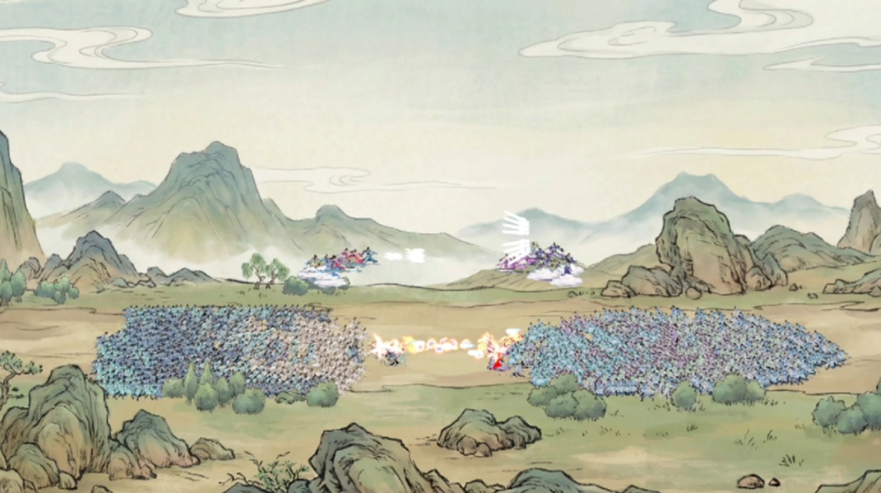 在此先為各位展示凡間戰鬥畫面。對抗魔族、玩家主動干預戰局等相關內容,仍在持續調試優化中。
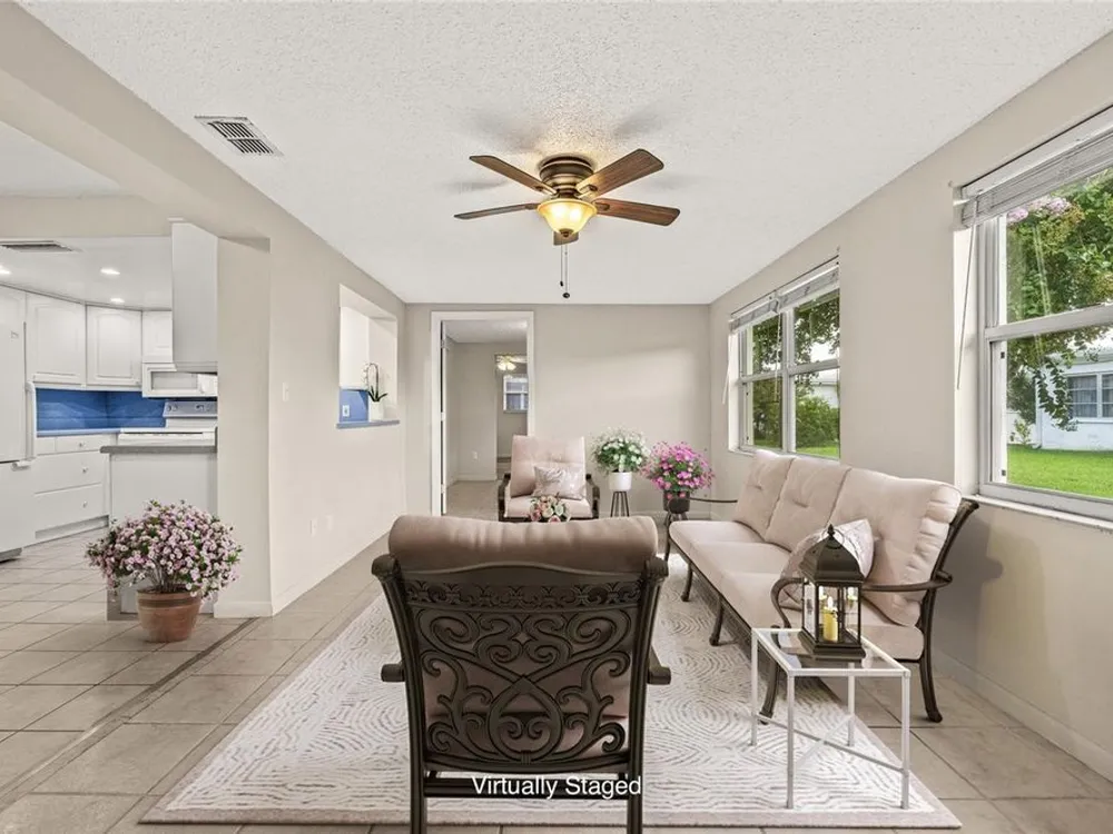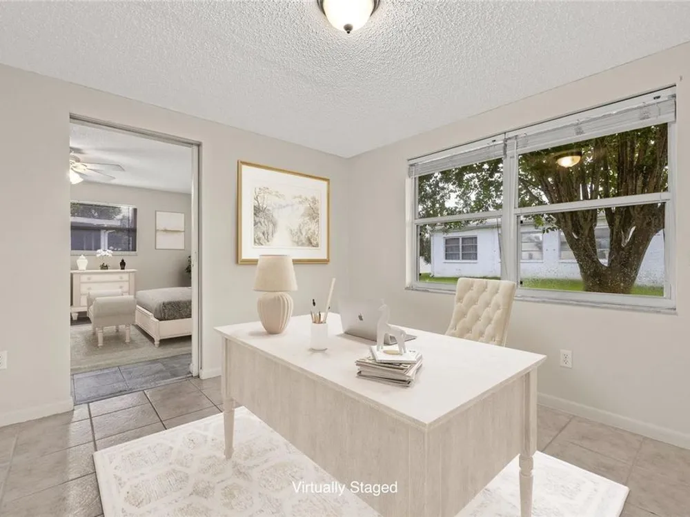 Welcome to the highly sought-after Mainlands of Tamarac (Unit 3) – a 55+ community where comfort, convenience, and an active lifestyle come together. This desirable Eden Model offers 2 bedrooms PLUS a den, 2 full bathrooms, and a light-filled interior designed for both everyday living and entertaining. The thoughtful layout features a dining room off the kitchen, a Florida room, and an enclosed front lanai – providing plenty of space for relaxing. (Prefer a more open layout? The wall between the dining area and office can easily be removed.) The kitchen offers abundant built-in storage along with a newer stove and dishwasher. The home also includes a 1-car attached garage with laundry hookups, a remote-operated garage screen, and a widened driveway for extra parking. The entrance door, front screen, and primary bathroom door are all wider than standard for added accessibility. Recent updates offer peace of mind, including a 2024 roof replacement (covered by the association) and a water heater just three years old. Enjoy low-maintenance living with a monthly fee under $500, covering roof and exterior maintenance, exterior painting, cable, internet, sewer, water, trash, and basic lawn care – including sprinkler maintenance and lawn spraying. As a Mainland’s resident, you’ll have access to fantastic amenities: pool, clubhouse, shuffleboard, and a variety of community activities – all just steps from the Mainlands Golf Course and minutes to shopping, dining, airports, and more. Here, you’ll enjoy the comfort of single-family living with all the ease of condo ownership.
◇ ◇ ◇ ◇ ◇
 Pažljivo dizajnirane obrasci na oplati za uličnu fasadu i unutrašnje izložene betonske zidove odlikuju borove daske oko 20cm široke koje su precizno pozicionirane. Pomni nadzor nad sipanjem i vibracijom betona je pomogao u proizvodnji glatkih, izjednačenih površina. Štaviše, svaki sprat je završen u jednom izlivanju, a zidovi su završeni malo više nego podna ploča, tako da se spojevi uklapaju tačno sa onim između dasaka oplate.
◇ ◇ ◇ ◇ ◇
▶ **WHAT TO WORK ON**
Copy the entries above exactly, but only the stretch from the line containing "在此先為各位展示凡間戰鬥畫面" through the line containing "Welcome to the". Keep both end lines; drop the pictures.

▶ **SOLVED EXERCISE**
 在此先為各位展示凡間戰鬥畫面。對抗魔族、玩家主動干預戰局等相關內容,仍在持續調試優化中。
 Welcome to the highly sought-after Mainlands of Tamarac (Unit 3) – a 55+ community where comfort, convenience, and an active lifestyle come together. This desirable Eden Model offers 2 bedrooms PLUS a den, 2 full bathrooms, and a light-filled interior designed for both everyday living and entertaining. The thoughtful layout features a dining room off the kitchen, a Florida room, and an enclosed front lanai – providing plenty of space for relaxing. (Prefer a more open layout? The wall between the dining area and office can easily be removed.) The kitchen offers abundant built-in storage along with a newer stove and dishwasher. The home also includes a 1-car attached garage with laundry hookups, a remote-operated garage screen, and a widened driveway for extra parking. The entrance door, front screen, and primary bathroom door are all wider than standard for added accessibility. Recent updates offer peace of mind, including a 2024 roof replacement (covered by the association) and a water heater just three years old. Enjoy low-maintenance living with a monthly fee under $500, covering roof and exterior maintenance, exterior painting, cable, internet, sewer, water, trash, and basic lawn care – including sprinkler maintenance and lawn spraying. As a Mainland’s resident, you’ll have access to fantastic amenities: pool, clubhouse, shuffleboard, and a variety of community activities – all just steps from the Mainlands Golf Course and minutes to shopping, dining, airports, and more. Here, you’ll enjoy the comfort of single-family living with all the ease of condo ownership.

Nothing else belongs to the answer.